A lament over loss, trauma

‘SNOW in Midsummer’ is an ode to those who went through the May 13, 1969 chapter of our country’s history. And how the survivors are still dealing with the aftermath in 2018.

A warning — the ending is heart-breaking.

This Chong Keat Aun offering is told through different Chinese dialects, and Bahasa Malaysia, so the subtitles help a lot!

The first part is about those early post-Merdeka days, with a Chinese opera troupe performing ‘The Injustice to Dou E’, or ‘Snow in June’, at the end of a street. The opera is about the unjust execution of an innocent Dou E, a child bride.

The street life — with bustling stalls, government officials going around for permits to hold shows or food stalls, and people going about their daily lives — is all jolted when mayhem starts.

A girl, Ah Eng (played by Lim Koet Yenn), and her mother (Pauline Tan) are at the opera, and have to take cover backstage during the riots. The father (Peter Yu) and son Yeow (Teoh Wei Hern) leave them there to see a movie at the Majestic Theatre. The family is never to be reunited.

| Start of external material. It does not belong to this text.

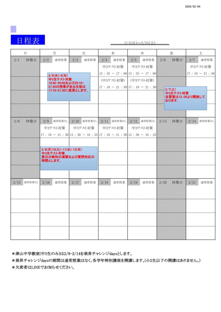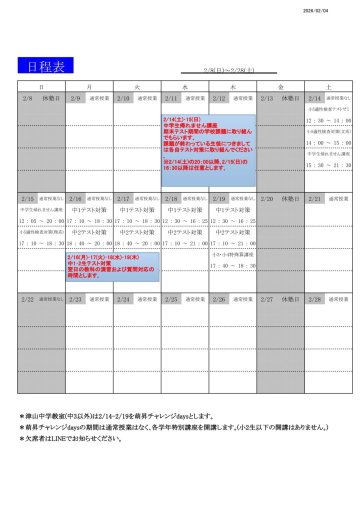 学年末テストに向けた対策日程をお知らせします。

You don’t see violence; you see it through the faces of the main characters like Dou E (played brilliantly by Pearlly Chua). You hear it through the screams of panic, sounds of gunfire, and shouting.

There are scenes from ‘Raja Bersiong’, with Tun Sri Lanang on an elephant walking past the Majestic Theatre in Jalan Pudu. You need to know some Malaysian history, some Sejarah Melayu, to make sense of the use of metaphors such as fangs and a thirst for blood, and mythological stories.

The tougher emotional segment comes when the second part starts, in 2018, with now an older Ah Eng (Wan Fang) married and living in Penang.

After reading a newspaper article about a soon-to-be demolished ‘513 cemetery’, Eng leaves home for Kuala Lumpur. It’s the anniversary of the riots, and 513 is how many Chinese refer to the dreadful episode.

Ah Eng wants to find the graves of her father and brother, just as her mother tried to do, even though the victims were in mostly unmarked graves. “Unknown Chinese” read the tombstones.

While the 1969 riots were shown through the lens of the survivors, the mourning of survivors is so very personal with close-ups. The opera troupe tries to perform at the site, but bureaucracy is again heartless.

At the graveyard somewhere in Sungai Buloh’s former leper colony, an excavator drills on as Ah Eng sobs beside Dou E, surrounded by the tombstones.

‘Snow in Midsummer’ is about grief, and even a lament about loss and trauma.

The movie has a meditative feel, with Chinese opera music to punctuate the important moments.

A verse from a ‘mak yong’ performance played hauntingly as the credits rolled.

Such a heart-breaking time in our collective history.

I don’t think many Malaysians will watch this film, in all honesty. Which is a real shame.